Highly Sensitive, Multiparametric Thermal History Phosphor Based on An Eu(BTC) Architecture

The capacity to discern the highest temperature that an object is subjected to is a crucial diagnostic tool. Consequently, the pursuit of materials that enable the luminescence-based investigation of the thermal history of an object with high sensitivity is of great importance from the functional applications standpoint. This study aims to present a multiparametric thermal history phosphor based on the luminescent coordination polymer [Eu(BTC)(H2O)6] [Eu(BTC)-1, where H3BTC = 1,3,5-benzenetricarboxylic acid]. The progressive dehydration that Eu(BTC)-1 undergoes as a function of temperature increase in the 343-425 K range results in significant alterations in both the shape of the Eu3+ ions emission spectrum and the depopulation kinetics of their 5D0 level.
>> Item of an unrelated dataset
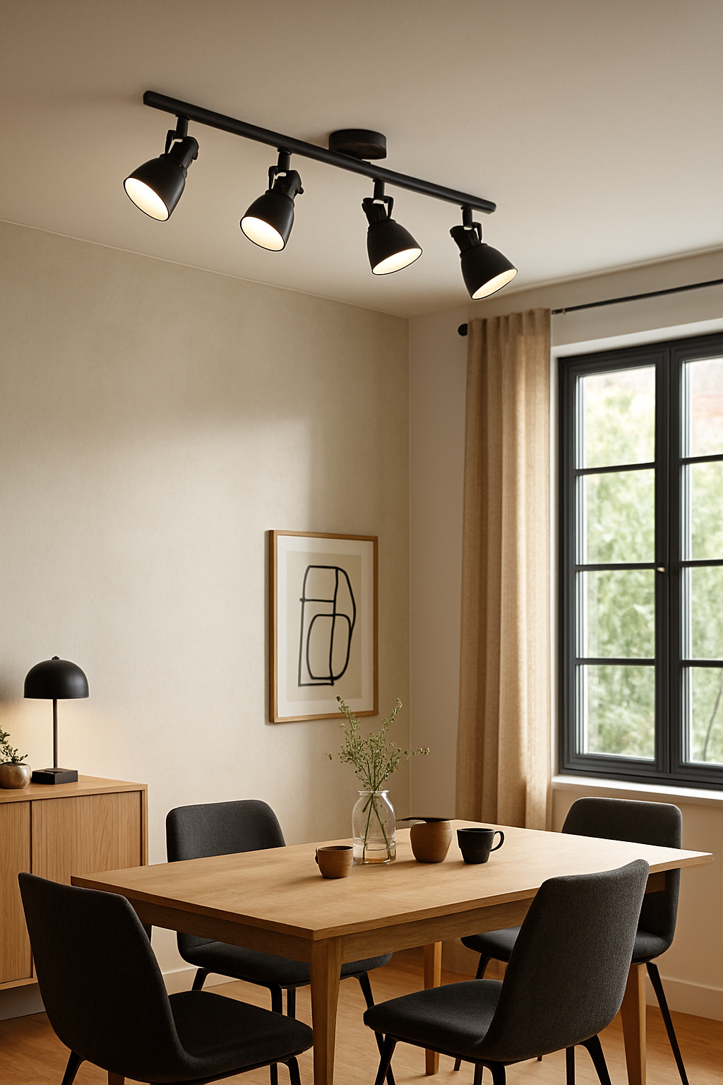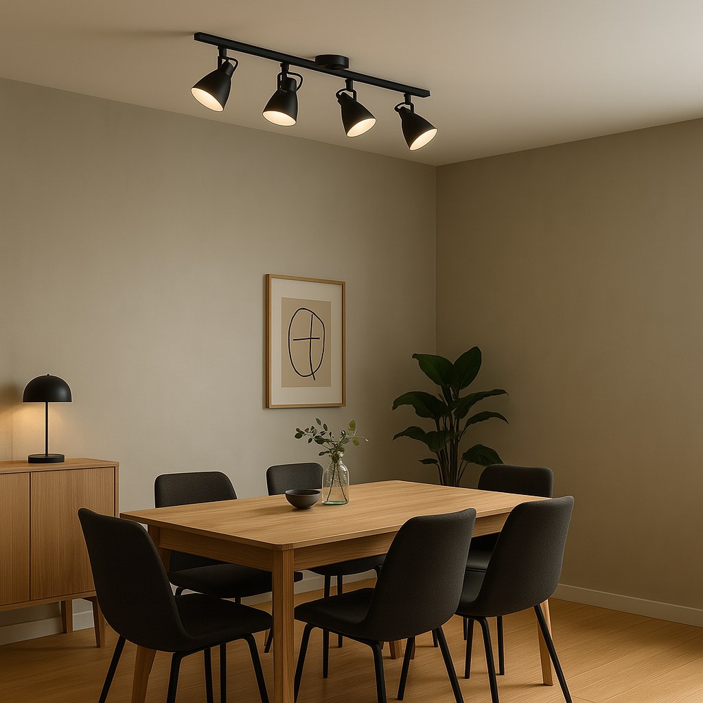 Spot tipo varal en acero negro con 4 lámparas GU10 (no incluidas). Su diseño de varal ofrece un estilo contemporáneo y versátil, ideal para iluminar grandes espacios o distribuir la luz de manera uniforme en diferentes áreas. Perfecto para interiores modernos y funcionales.

Based on this occurrence, a thermal history phosphor with an unprecedentedly high relative sensitivity of 11.3% K-1 in ratiometric mode, and 1.8% K-1 in lifetime-based mode, is developed. The outcomes of this research are expected to stimulate a wide interest in the exploitation of (porous) coordination polymer-type materials for the development of thermal history phosphors.The thermally-induced dehydration process of the [Eu(BTC)(H2O)6] coordination polymer results in a modification of the spectroscopic properties of the Eu3+ ion. This modification facilitates the development of a ratiometric and lifetime-based thermal history phosphor, exhibiting the highest relative sensitivity reported to date.